Local advocate still active in community
(Story originally published in the Lee’s Summit Journal in March 2012)
Sometimes those with heavy financial acumen are not synonymous with also having a sharp community eye on community involvement.
Clearly, Gene Gamber breaks that mold.
The namesake of the Lee’s Summit Parks and Recreation’s Gamber Center, 4 S.E. Independence Ave., is still as savvy on local politics, policies and issues as he was decades ago.
In fact, Gamber still remains busy and active on local boards, including chairing the Civic Roundtable, and the more informal coffee group that meets daily at the Whistle Stop in downtown Lee’s Summit.
No matter the crowd or topic, Gamber, rightfully so, has the ear of those around him while also taking the time to listen on what is going on in the community he has called home for more than two decades.
Still humble about the name of the building, Gamber said he feels fortunate to have been so active with the facilitation and funding mechanisms that helped make the senior center possible.

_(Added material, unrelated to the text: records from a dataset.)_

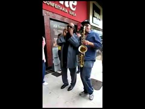 O músico Stevie Wonder foi filmado no domingo (8) tocando gaita ao lado de um saxofonista brasileiro, em uma rua de Brasília.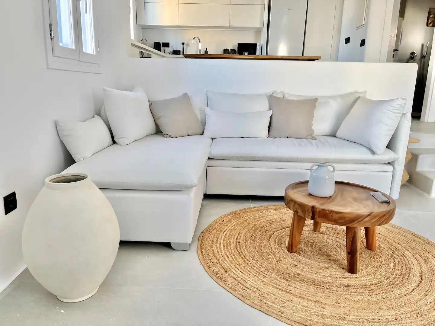 Η βεράντα διαθέτει χτιστό καναπέ και γωνιακό τραπέζι με θέα στους δύο παλιούς μύλους, το χωριό Άνω Μερά και το μοναστήρι της Παναγίας Τουρλιανής. Εδώ μπορείτε επίσης να δείτε τα φανταστικά ηλιοβασιλέματα της Μυκόνου. Η κύρια κουζίνα είναι πλήρως εξοπλισμένη με πλυντήριο πιάτων και πλυντήριο ρούχων. Υπάρχουν τρία παραδοσιακά μπάνια, ένα στο κύριο υπνοδωμάτιο, το δεύτερο δίπλα στο δεύτερο υπνοδωμάτιο και το άλλο στο χώρο του καθιστικού. Το διαμέρισμα AJA Mills διαθέτει επίσης ιδιωτικό χώρο στάθμευσης ακριβώς μπροστά από την κύρια είσοδο του σπιτιού.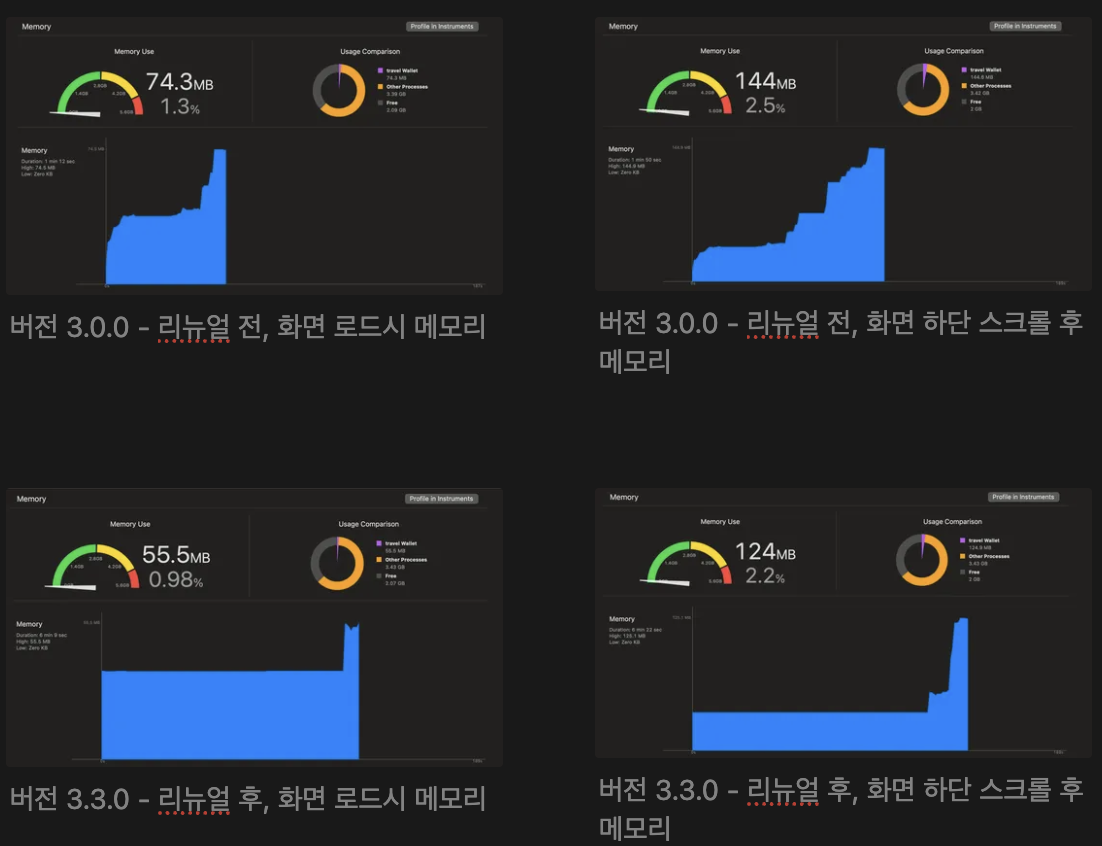 이번 혜택탭 개선을 변경한 뒤, 기존의 CollectionView안의 CollectionView가 중첩된 형태 였는데요. 이것을 걷어내면서, 메모리가 얼마나 개선되었는지 알아보기 위해서 버전 3.0.0과 3.3.0을 비교해 보았습니다.
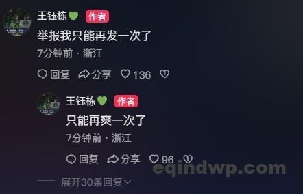 北京时间3月22日,王钰栋将照片中的海牛球迷打码后,再度发出,并配文:继续发继续爽,并在评论区表示:举报我只能再发一次了,只能再爽一次了。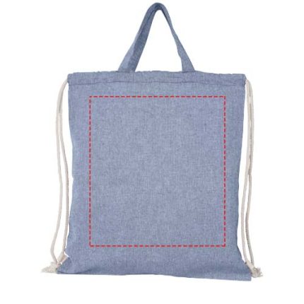 Drawstring backpack made of 150 g/m² recycled cotton polyester blend. Recycled cotton is manufactured from pre-consumer waste generated by textile factories during the cutting process. Similar colours are blended together so no additional dyeing is required. Large main compartment with cotton drawstring closure in natural colour. Features two handles with a dropdown height of 14 cm. Resistance up to 5 kg weight. There may be minor variations in the colour of the actual product due to the nature of the production process.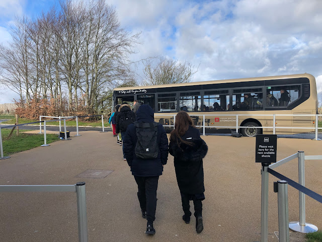 到巨石陣要先在遊客中心旁坐接駁巴士,不坐巴士也可以徒步大概半個小時左右到那裡。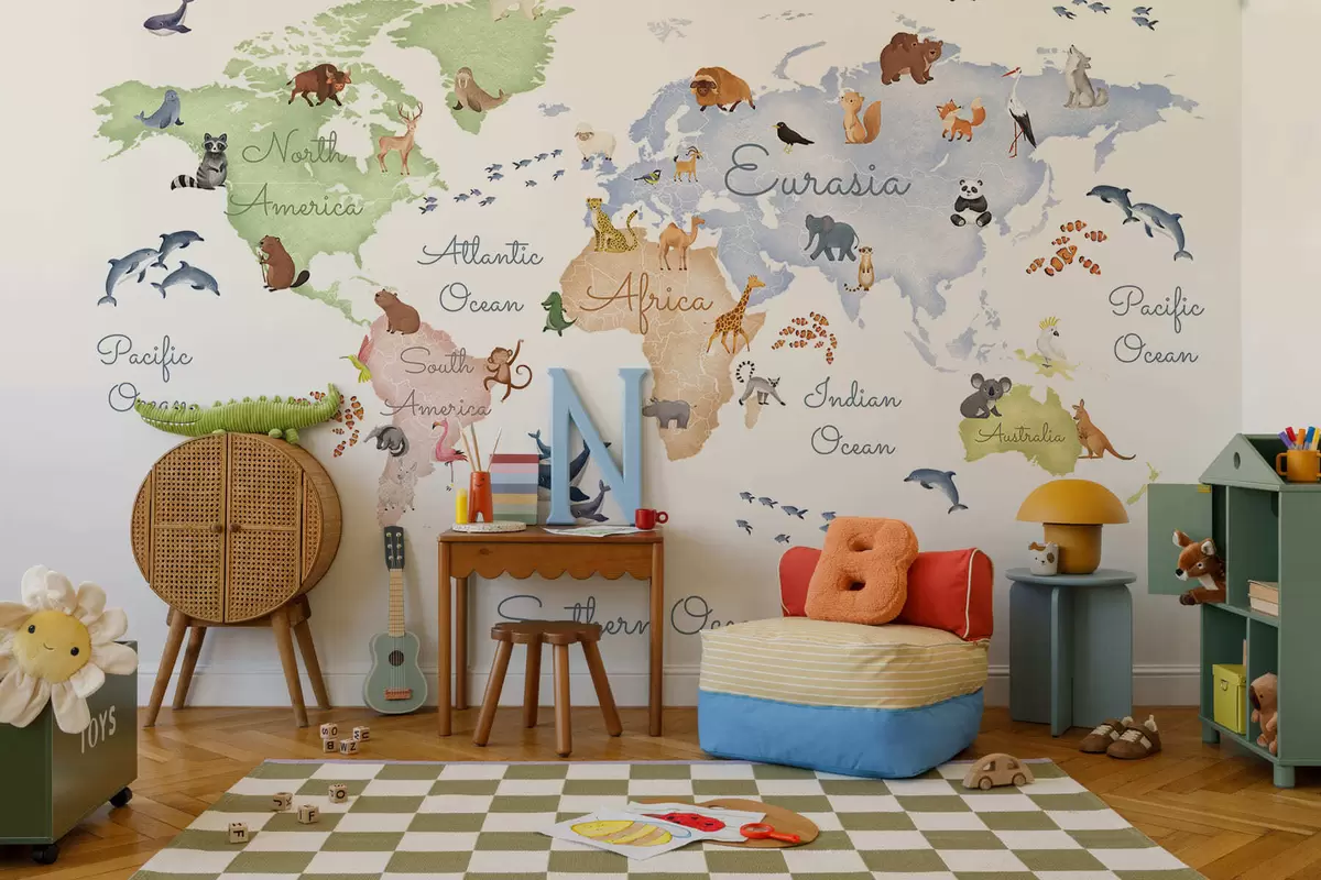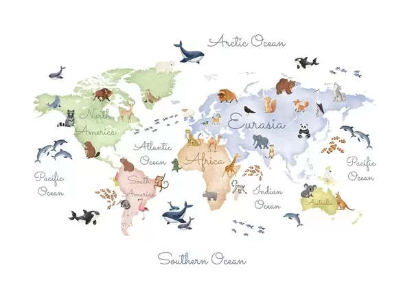 Wall murals A watercolor-style color map featuring animals. Labels in English Nr. c00012en
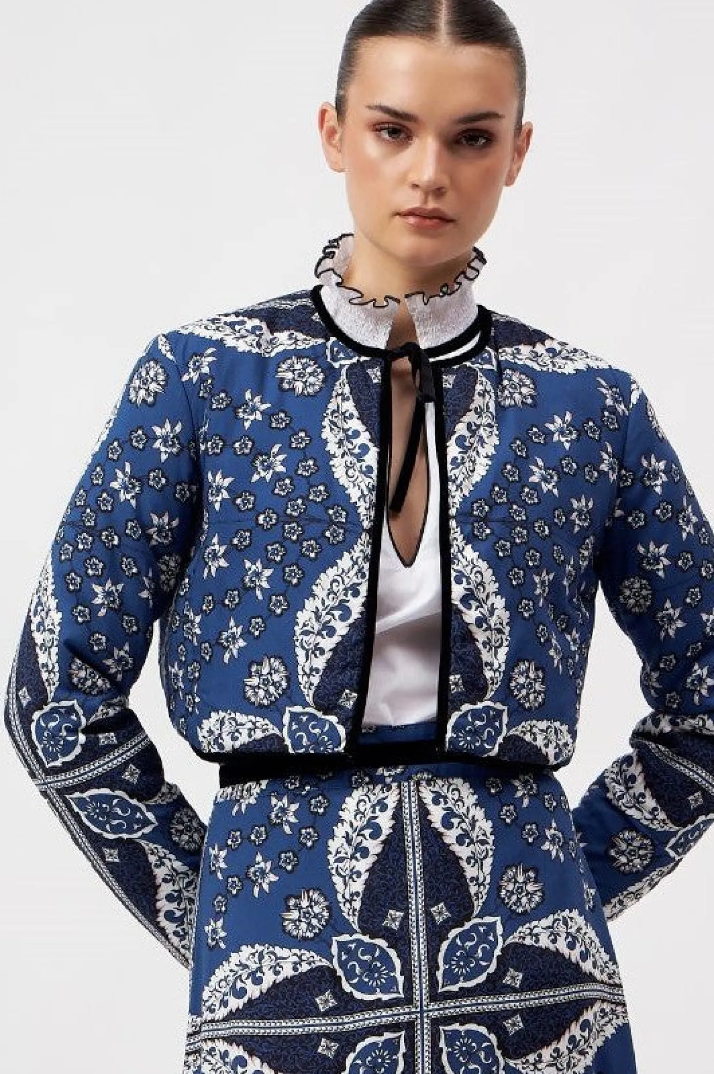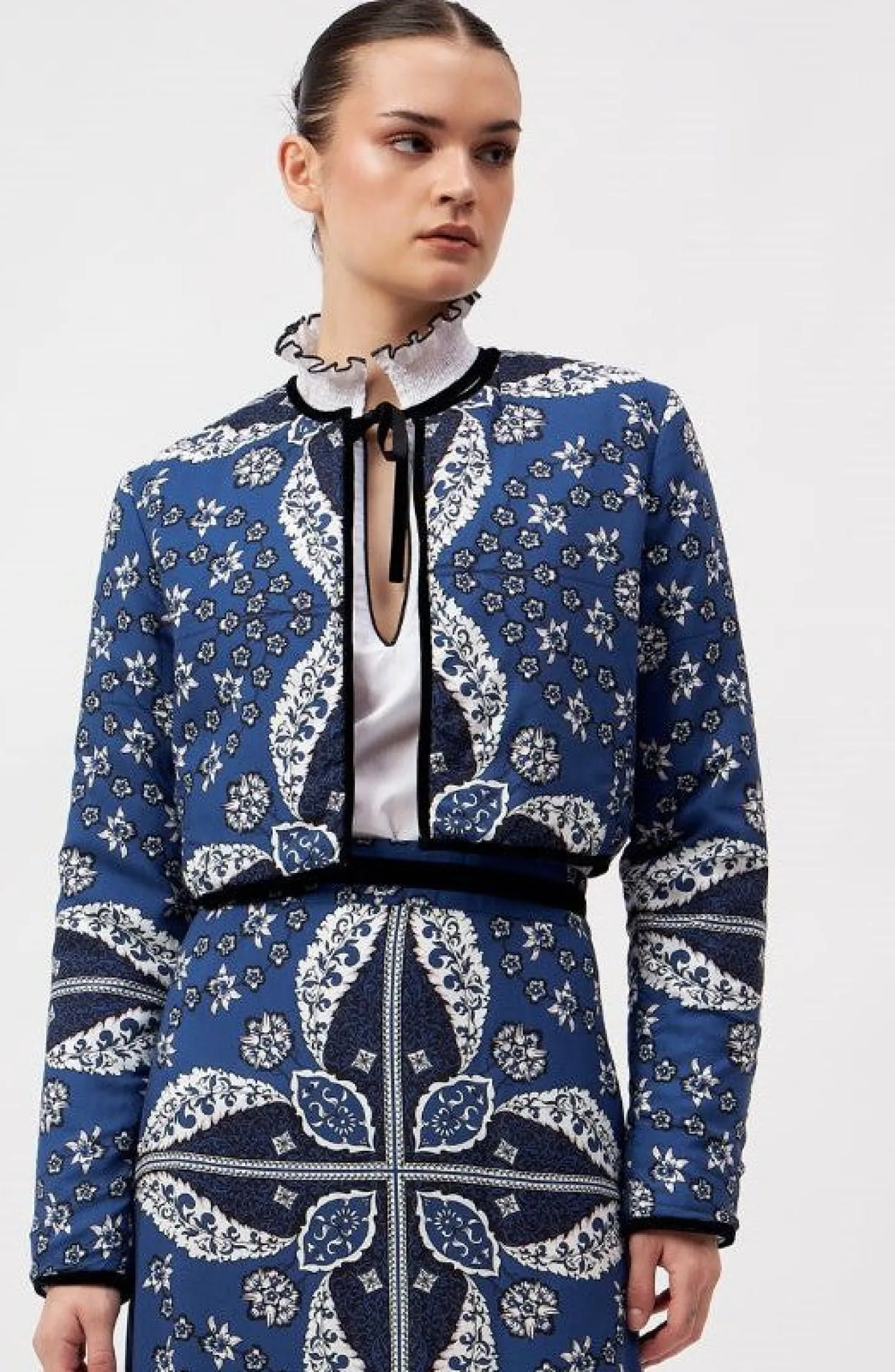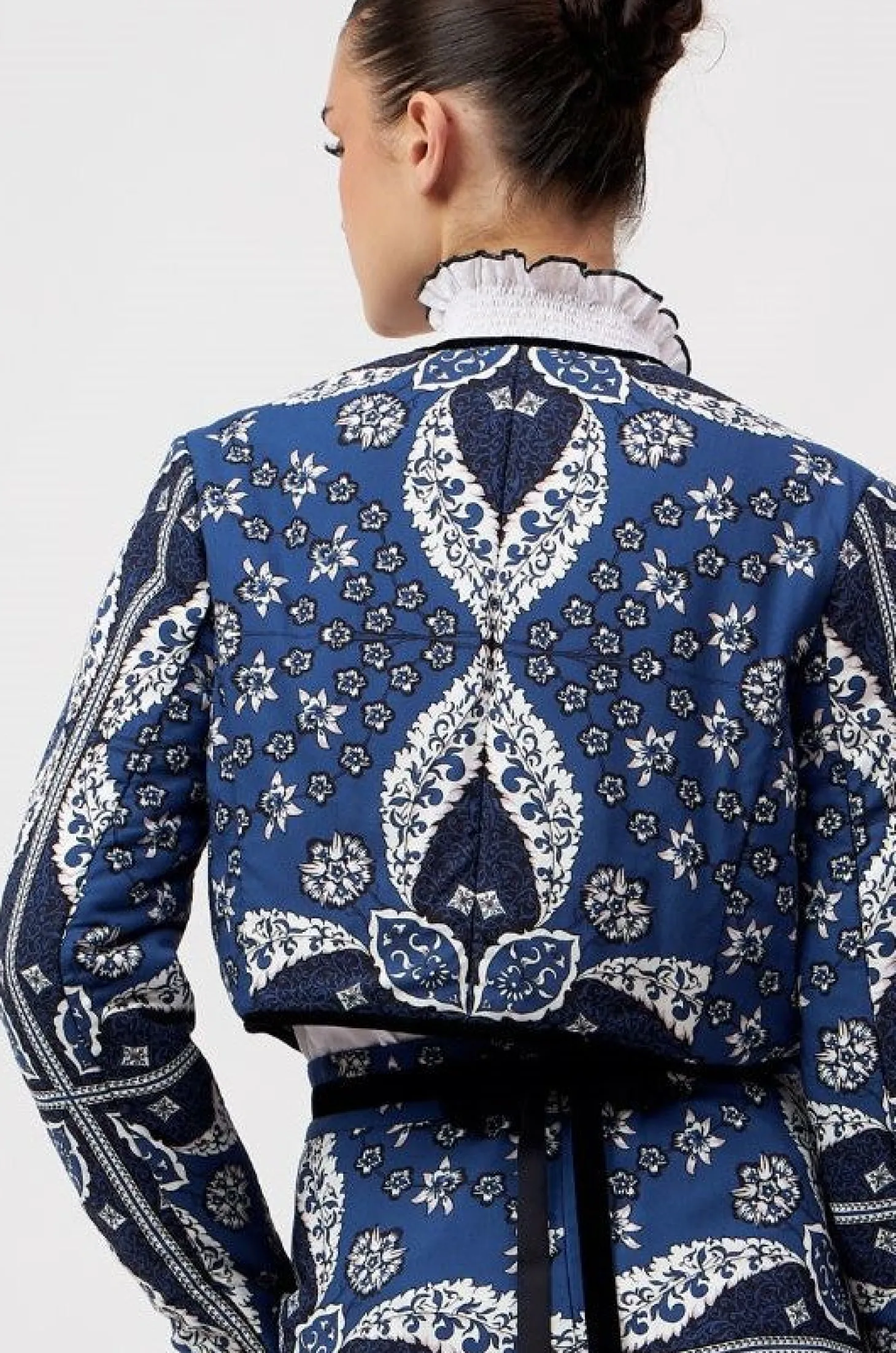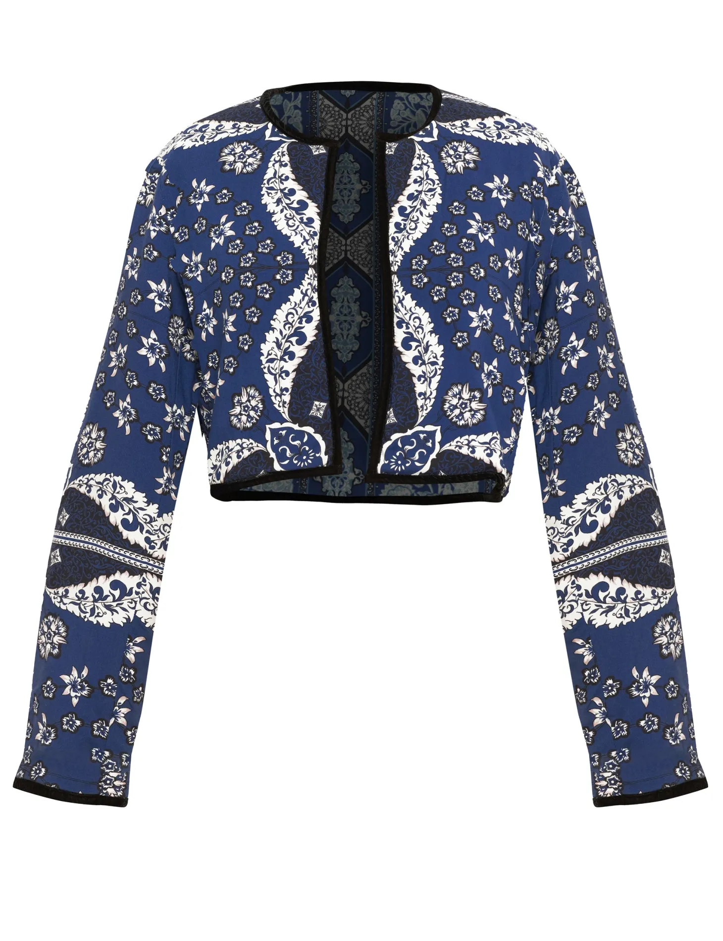 Introducing a contemporary masterpiece, this exquisite cropped jacket is a reversible marvel, offering two looks in one statement piece. Lined with the softest cotton, it not only provides unparalleled comfort but also shapes a beautiful silhouette. Versatile and refined, it effortlessly complements both elegant dresses and casual pants. The print design of the outer shell is influenced by ancient Berber-Roman stone carvings. Reflecting the charm of Bahia Palace in Marrakesh, this print design draws inspiration from the grand tiles of the palace, blending geometric elegance with whimsical ornaments in celebration of Moroccan mosaic artistry.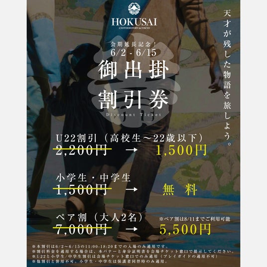 ※本割引は 6月2日(月)~6月15日(日)の11:00-18:20 までの入場のみ適用。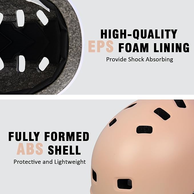 - The kids bicycle helmet is made of rugged ABS shell and shock-absorbing EPS foam to provide comprehensive protection.
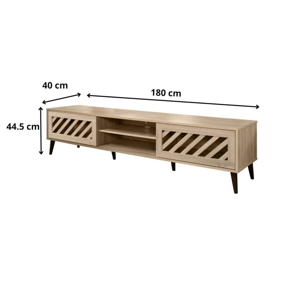 يمكن لهذه الوحدة المصنوعة من الخشب المصمم هندسيًا أن تستوعب شاشات تلفزيون صغيرة إلى كبيرة الحجم.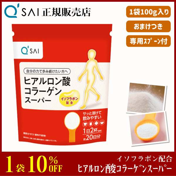 10%割引 キューサイ ヒアルロン酸コラーゲンスーパー 100g +おまけ付 サプリ 粉末 イソフラボン配合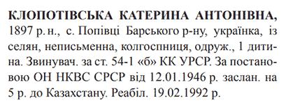 Реабілітована: 19.02.1992 Реабілітовані історією
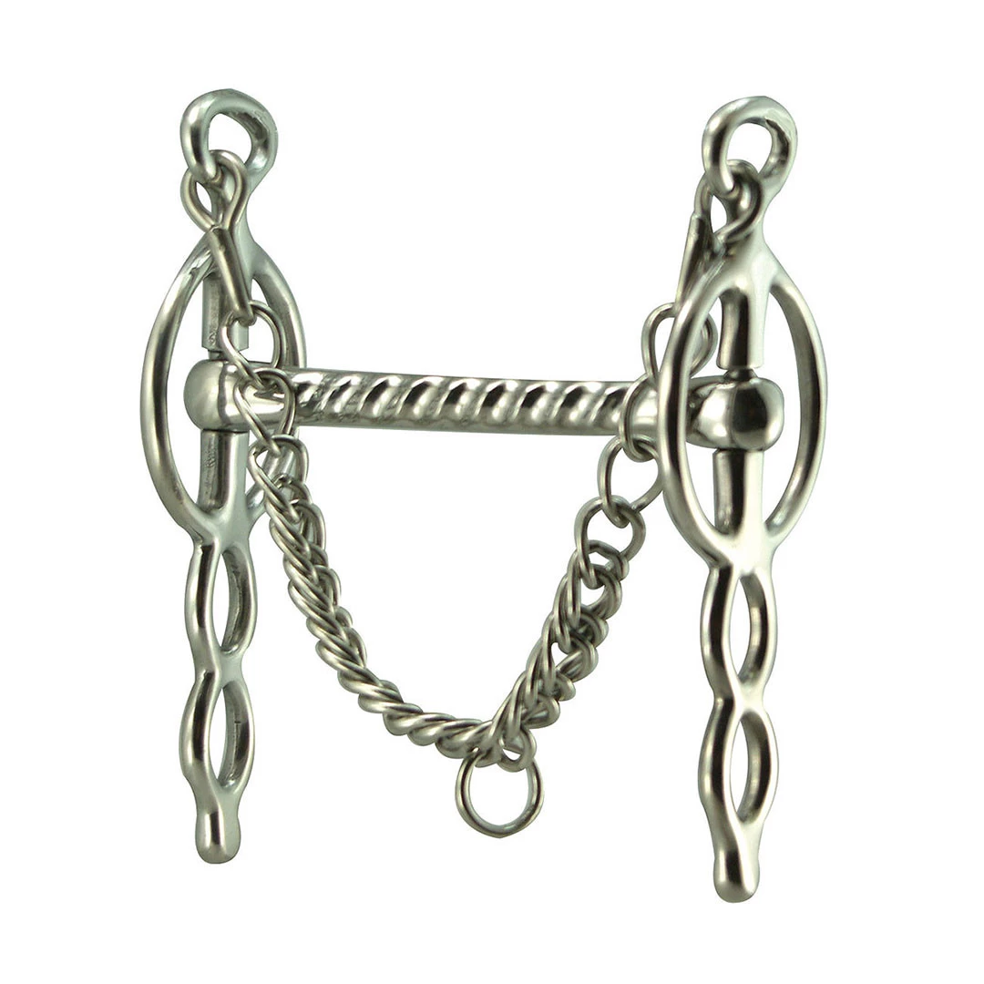 This driving bit has a straight serrated mouth piece and two slots. The Liverpool Bit is a curb or leverage bit. The further down the shanks the reins are attached the more leverage will be applied.

“I did pick up the gauntlet for the senior center,” Gamber said during an interview after another one of committee meetings, this time the Chamber of Commerce’s Government Relations committee. “Tom Lovell (Parks and Recreation director) suggested we join forces, so, we made that happen.”
Then-Mayor Karen Messerli appointed both an advisory and a board of directors to manage the senior center, which in the 1990s was located at Arnold Hall. Gamber served on both as president of the advisory board and vice president of the board of directors.
Putting his financial savvy that spanned 30 years at General Motors to work for Lee’s Summit, Gamber got involved in many of the operations at the center in Arnold Hall, including helping the non-profit board with grants and other revenue generating streams.
In 2005, he became treasurer of the campaign to fund a new senior center – an initiative he got personally involved with.
“The Parks and Rec sales tax was sunsetting, and the talk was that we could wrap up the senior center into a new bond issue,” Gamber said, adding that the understanding would be the new center would fall under the Parks and Recreation regime.
Gamber was pivotal in talking to members of the Lee’s Summit City Council about the land at Second and Independence – the future site of the senior building that bears his name – and for helping to secure the balance of funds needed for construction.
Never, though, did Gamber let it cross his mind that his name would land on the center.
“We had several meetings about how we were going to name the facility,” Gamber recalled. “Then all of the sudden, there was no conversation about it. I didn’t even know until the ground breaking.”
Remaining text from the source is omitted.